Wednesday, January 6, 2021

Republic v. Tan, G.R. NO. 199537, February 10, 2016

Republic of Philippines vs Tan

Facts:

Tan applied for the original registration of title of Lot No. 4080, Cad. 545-D (new) situated in Casili, Consolacion, Cebu (the subject lot). She alleged that she is the absolute owner in fee simple of the said 7,807 square-meter parcel of residential land she purchased from a certain Julian Gonzaga on 

After complying with the jurisdictional requirements, the land registration court issued an order of general default, excepting the State which was duly represented by the Solicitor General.

Land Registration Court:

The land registration court granted Tan’s application. The court confirmed her title over the subject lot and ordered its registration.

The Republic appealed the case to the CA, arguing that Tan failed to prove that she is a Filipino citizen who has been in open, continuous, exclusive, and notorious possession and occupation of the subject lot, in the concept of an owner, since June 12, 1945, or earlier.

CA Ruling:

The CA denied the appeal. The CA observed that under the Public Land Act, there are two kinds of applicants for original registration: (1) those who had possessed the land since June 12, 1945; and (2) those who already acquired the property through prescription.

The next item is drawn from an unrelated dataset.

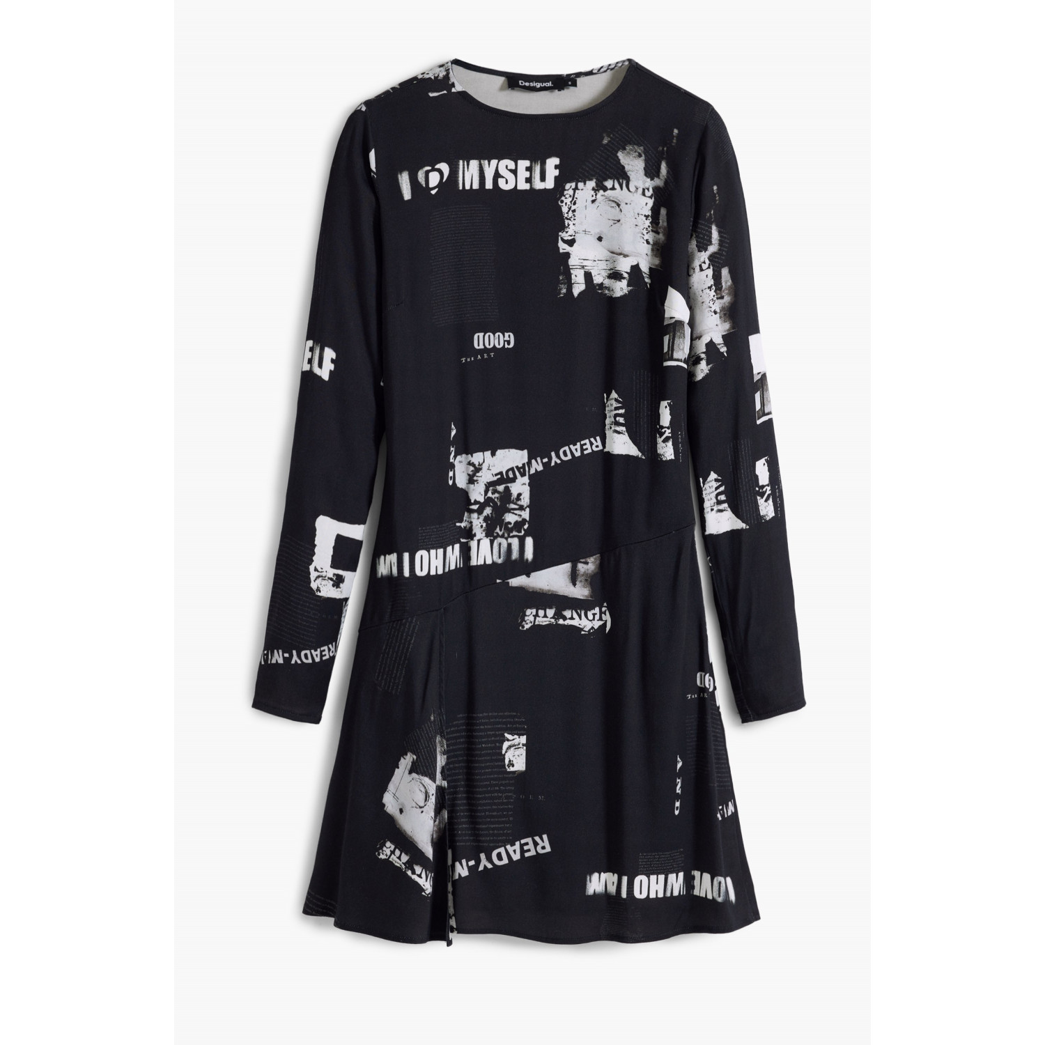 KURZES KLEID MIT LANGEN ÄRMELN UND EINER GEMUSTERTEN STICKEREI, NEWSCORTO, WEITEM AUSSCHNITT, KONTRASTIERENDEN DETAILS, LOGO

The respondent’s application fell under the second category.

The CA noted that before land of the public domain can be acquired by prescription, it must have been declared alienable and disposable agricultural land. The CA pointed to the certification issued by the Community Environment and Natural Resources Office (CENRO) as evidence that the subject was classified as alienable and disposable on September 1, 1965

The Republic filed the present petition for review on certiorari.

Issue:

WON the land is under public domain?

Ruling:

Yes, the land is under public domain.

The court ruled that only private property can be acquired by prescription. Property of public dominion is outside the commerce of man. It cannot be the object of prescription  because prescription does not run against the State in its sovereign capacity. However, when property of public dominion is no longer intended for public use or for public service, it becomes part of the patrimonial property of the State.  When this happens, the property is withdrawn from public dominion and becomes property of private ownership, albeit still owned by the State. The property is now brought within the commerce of man and becomes susceptible to the concepts of legal possession and prescription.1avvphi1There must be an express declaration by the State that the public dominion property is no longer intended for public service or the development of the national wealth or that the property has been converted into patrimonial. Without such express declaration, the property, even if classified as alienable or disposable, remains property of the public dominion, pursuant to Article 420(2), and thus incapable of acquisition by prescription.

In this case, Even though it has been declared alienable and disposable, the property has not been withdrawn from public use or public service. Without this, prescription cannot begin to run because the property has not yet been converted into patrimonial property of the State. It remains outside the commerce of man and the respondent’s physical possession and occupation thereof do not produce any legal effect. The respondent has never acquired legal possession of the property.

Hence, the land is under public domain.